村山氏:リミットはないとも言えます。自社内で困ってきたらリミットでしょう。

 

お二人共通の認識として「紙で請求書をください」という外圧が「データで請求書をください」という外圧に変わるときがリミットと言えるものだと考えられています。

電子化しないことで請求書の受け取り手から嫌がられるようになり、社内で困ってきたらいよいよ請求書の電子化は進んでいくでしょう。

 

④軽減税率の経過措置はいつ終わる?

国税局と打合せすることもある藤田氏に対して、村山氏から全国の経理を代表するかのような質問が飛びました。

 

村山氏:で、消費税8%の経過措置はいつ終わるのですか?

藤田氏:(明確な回答は得られていないので)私見になりますが、しばらく終わらないのでは。

 

藤田氏によるとこれからの消費税は

・10%のものが分離して、その中の一部だけ消費税が上がるのか?

・現在10%のものが一律全部上がっていくのか?

この点に注視する必要があると語られました。

 

どちらにせよ軽減税率の対象となるものがどんどん増えていくため、請求書の発行を計算から電子化(システムを利用して発行)していかないと請求書の発行自体が難しくなってくるのではないかと感じているようでした。

 

⑤実際請求書の完全電子化はできるのか?

最後にこのイベントのテーマである「(請求書の)完全電子化なんて無理⁈」についてお二方の意見を聞くことができました。

 

村山氏:PDFレベルならできるでしょう。

    データtoデータは技術的な側面がクリアできれば可能だと思います。

    そのためには、請求書のプラットフォームを作る側や政府が協力することが必要です。

 

藤田氏:正直なところ世の中全部はムリだと思っています。

    会計ソフトが普及して長年経っているにも関わらず、いまだに紙で帳簿を付けている会社が存在しています。
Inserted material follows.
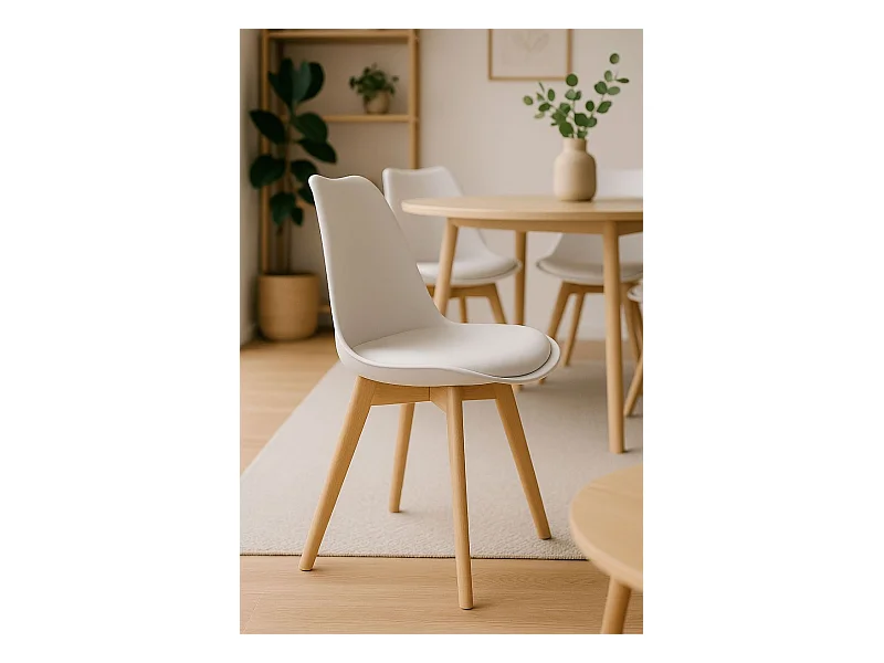 Silla escandinava Kany - Confort en símil piel y patas de madera natural-Color Blanco

そのことを考えると完全電子化は厳しいのでは・・・。完全電子化が進む業界とそうならない業界と分かれると思います。

 

両者ともに「完全な電子化(=計算からシステムを利用して発行)」は厳しいとの見方でした。

 

最後に

今回のイベントでは、請求書のこれからについて法的な解説と世間の動きの両面について聞くことができました。

特に今後の動きについて聞くことができたディスカッションパートは、自社の方向性を固めていく上で参考になった経理の方も多いのではないでしょうか。他社の動きはこのような機会でもなければなかなか情報が入ってこないもの。

請求書を取り巻く環境は今後もどんどん変化していくと考えられます。今後もさまざまな機会を通じて情報収集を行っていきましょう。